Evansらは、C35が、乳癌において過剰発現されること(試験した浸潤性乳腺管癌のグレード1の32%ならびにグレード2および3の66%がC35発現について陽性だった)ことを報告した。Evansら、Mol.Cancer Ther.5:2919−30(2006年11月)(その全体が本明細書中で参考として援用される)。C35の発現が、正常なヒト組織では限定的であるので(Evansら、2006を参照のこと)、それは、特に乳癌における、生物学的マーカーならびに診断的および治療的な標的として使用するための優れた候補である。
正常細胞は、成長因子レセプターチロシンキナーゼ(RTK)の、それぞれのリガンドによる高度に制御された活性化によって増殖するが、癌細胞もまた、成長因子レセプターの活性化によって増殖するが、正常な増殖の慎重な制御を失っている。制御の喪失は、数多くの因子(例えば、成長因子および/またはレセプターの過剰発現、ならびに成長因子によって制御される生化学的経路の自律的な活性化)によって引き起こされ得る。腫瘍形成に関与するRTKのいくつかの例は、上皮成長因子(EGFR)、血小板由来成長因子(PDGFR)、インスリン様成長因子(IGFR)、神経成長因子(NGFR)および線維芽細胞成長因子(FGF)に対するレセプターである。これらの成長因子のそれらの細胞表面レセプターに対する結合は、レセプターの活性化を誘導し、それによって、シグナル伝達経路が開始され、改変され、そして細胞の増殖および分化が導かれる。
上皮成長因子(EGF)レセプターファミリーのメンバーは、上皮細胞の腫瘍形成に関連する、特に重要な成長因子レセプターチロシンキナーゼである。発見されたEGFレセプターファミリーの第1のメンバーは、多くのタイプの腫瘍細胞上で発現されるEGFRだった。EGFRは、腫瘍細胞の分裂および成長、修復および生存、血管新生、浸潤ならびに腫瘍転移の制御に関与することが見出されている。
EGFRは、細胞外リガンド結合ドメイン、膜貫通領域および細胞質タンパク質チロシンキナーゼドメインを有する170kDの膜貫通糖タンパク質である。特異的なリガンドが結合することにより、EGFRの自己リン酸化、レセプターの細胞質チロシンキナーゼドメインの活性化、ならびに腫瘍の成長および生存を制御する複数のシグナル伝達経路の開始がもたらされる。EGFR経路は、腫瘍内の、VEGFおよび塩基性線維芽細胞(basis fibroblastic)成長因子(bFGF)などの他の様々な血管新生因子の産生にも影響する。
多くのヒト腫瘍は、EGFRを発現するか、または過剰発現すると報告されている。EGFRの発現は、不良な予後、生存時間の短縮および/または転移の増加と相関する。EGFRは、この腫瘍形成への関与が理由で、抗癌治療に対して特異的に標的化されている。
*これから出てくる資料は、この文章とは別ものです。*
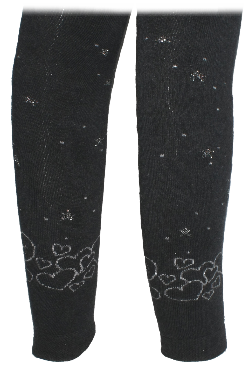 Kuschelig weiche und warm haltende Thermo Leggings / Strumpfhose ohne Fuß aus weichem Baumwoll Vollfrottee, weich und angenehm auf der Haut in dunklem Anthrazit mit glitzernden Sternen und kleinen Herzen im unteren Bereich versehen, von MAXIMO aus Chemnitz.
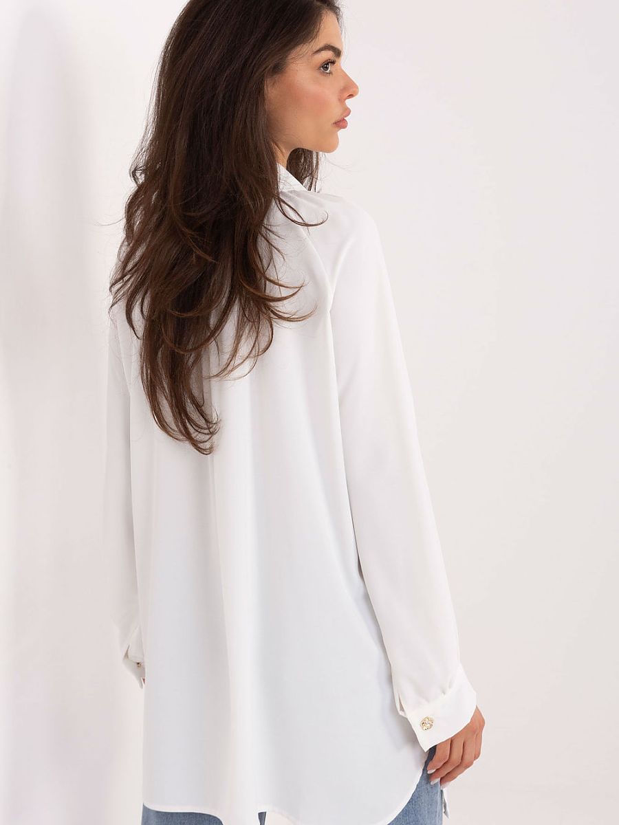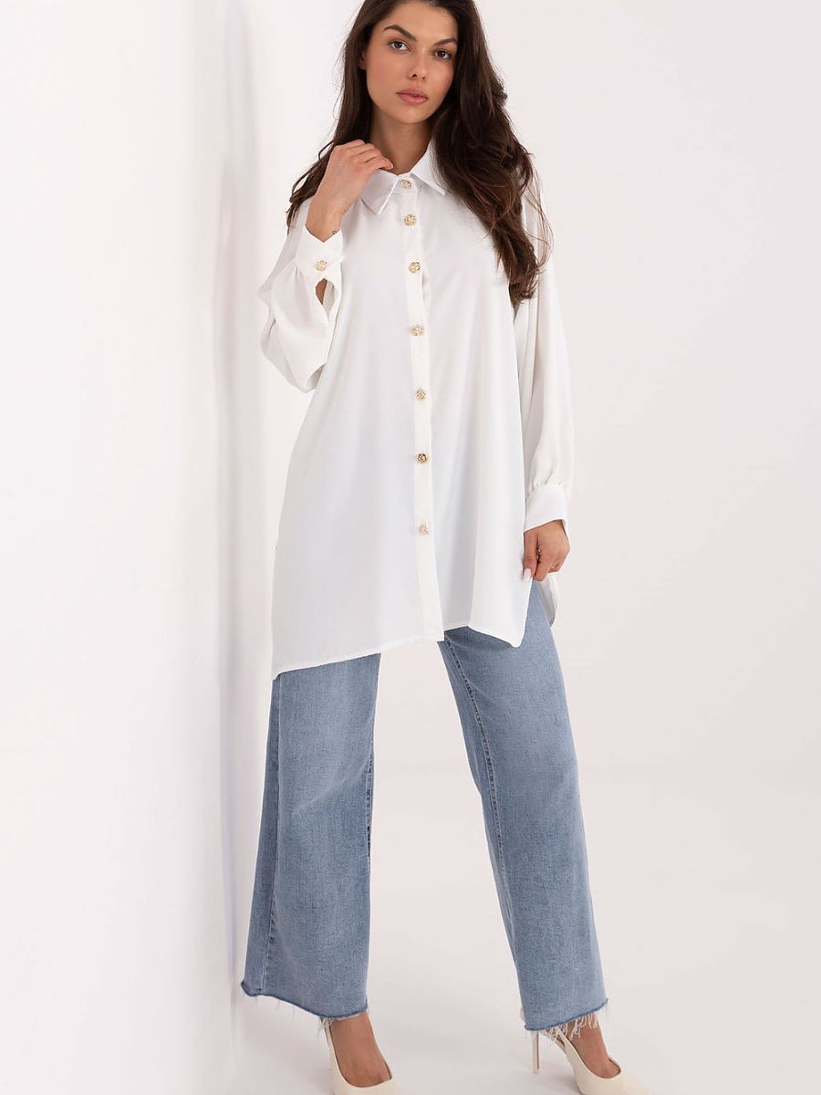 A classic women’s shirt in an elegant style is the perfect choice for everyday wear, work, and special occasions. Its smooth pattern emphasizes the timeless character, and careful execution makes it work well in many different stylizations. The model is made of lightweight, pleasant to the touch polyester, which fits well on the silhouette. The extended cut and subtle side slits give the shirt a modern look and provide freedom of movement. The shirt has long sleeves ending with a delicate cuff and puffy sleeves, adding a fashionable, striking accent to the whole. The classic collar and button closure emphasize the elegant character of the model. This stylish and functional shirt is ideal for women who appreciate a combination of classic and modern details.
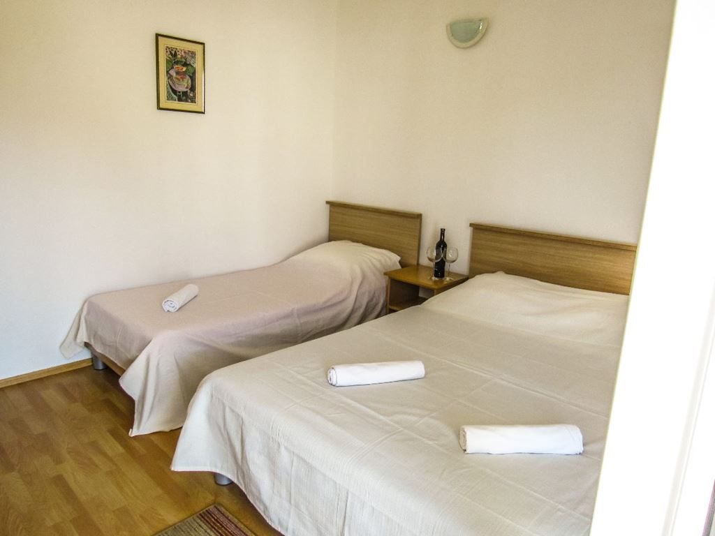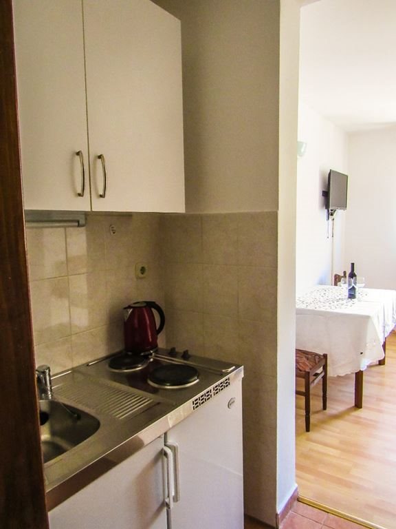Slavena vila: Vila Slavena se nachází 400 m od centra a 150 m od moře. Ve vile nabízíme kompletně vybavená studia pro 2-4 osoby, mají vybavený kuchyňský kout, sociální zařízení, balkon (kromě studia č. 3), SAT/TV, klimatizaci za poplatek, WIFI. Dále jeden kompletně vybavený apartmán až pro 10 osob typu 1/6+4. Parkování je možné u vily. Sportovní vyžití ve vzdálenosti 100 m, lékař včetně lékárny 300 m, pošta 400 m. Domácí zvíře je možné za poplatek.
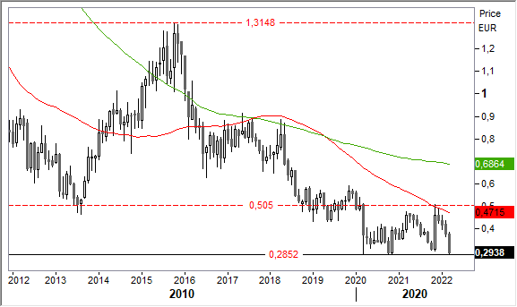 Graficamente, la tendenza di lungo periodo è fortemente ribassista. Il rimbalzo dai minimi della pandemia, toccati più volte in zona 0,30/0,285 euro, è stato effimero perchè non è riuscito a portarsi stabilmente sopra 0,50 euro, spartiacque per ambire ad un recupero più ambizioso e prolungato (verso 0,60/0,67 euro). Lo scivolone delle ultime sedute ha riportato il prezzo sui minimi storici del 2020, rivisti nel 2021.
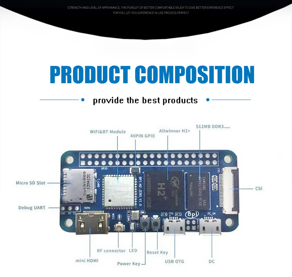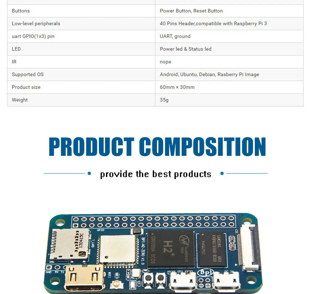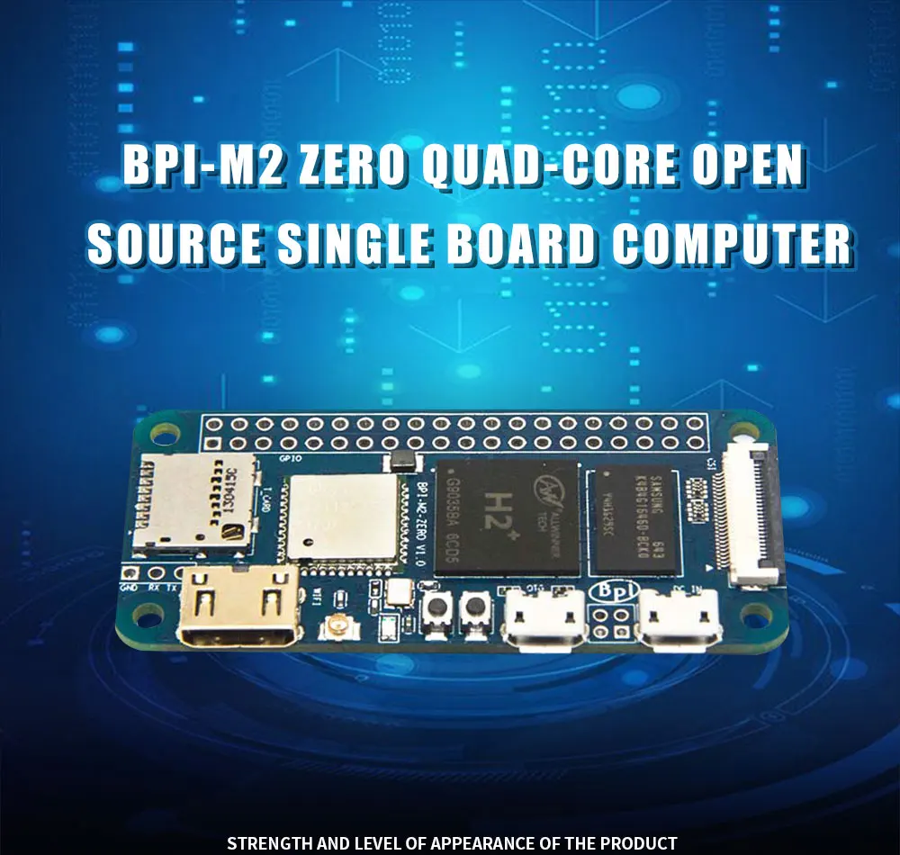 Banana pi BPI-M2 Zero-это чрезвычайно маленький одноплатный компьютер с открытым исходным кодом, разработанный с использованием чипа Allwinner H2 +, или вы можете напрямую использовать Allwinner H3, размер точно такой же, как у Raspberry pi Zero W, размер 60 мм * 30 мм Поддержка встроенных Wi-Fi и Bluetooth, память 512 Мб, Интерфейс Mini HDMI. Banana Pi BPI-M2 Zero поддерживает системы Android, Debian linux, Ubuntu linux, Raspbian и легко разрабатывает Интернет вещей и образовательные приложения.

これらの治療は、レセプターの細胞外ドメインへのリガンドの結合を阻止するモノクローナル抗体、またはシグナル伝達を妨げるように細胞内領域に対して直接作用する合成チロシンキナーゼインヒビターを主に含んでいる。抗EGFR抗体は、EGFR陽性腫瘍細胞におけるアポトーシスも誘導する。
ソマトメジンとしても知られるインスリン様成長因子としては、インスリン様成長因子−I(IGF−I)およびインスリン様成長因子−II(IGF−II)が挙げられる(Klapperら、Endocrinol.112:2215(1983);Rinderknechtら、Febs.Lett.89:283(1978))。これらの成長因子は、IGFR1に結合することによって(Sepp−Lorenzino Breast Cancer Research and Treatment 47:235(1998))腫瘍細胞を含む様々な細胞型に対してマイトジェン活性を発揮する(Macaulay Br.J.Cancer 65:311(1992))。IGFとIGFR1との相互作用は、チロシン残基上のレセプターの自己リン酸化を引き起こすことによってレセプターを活性化する(Butlerら、Comparative Biochemistry and Physiology 121:19(1998))。いったん活性化されると、IGFR1は、細胞内の標的を次々にリン酸化することにより、細胞のシグナル伝達経路を活性化する。このレセプター活性化は、腫瘍細胞の成長および生存の刺激に対して決定的なものである。ゆえに、IGFR1活性の阻害は、ヒトの癌の成長および他の増殖性疾患を処置するためまたは予防するための価値ある有望な方法である。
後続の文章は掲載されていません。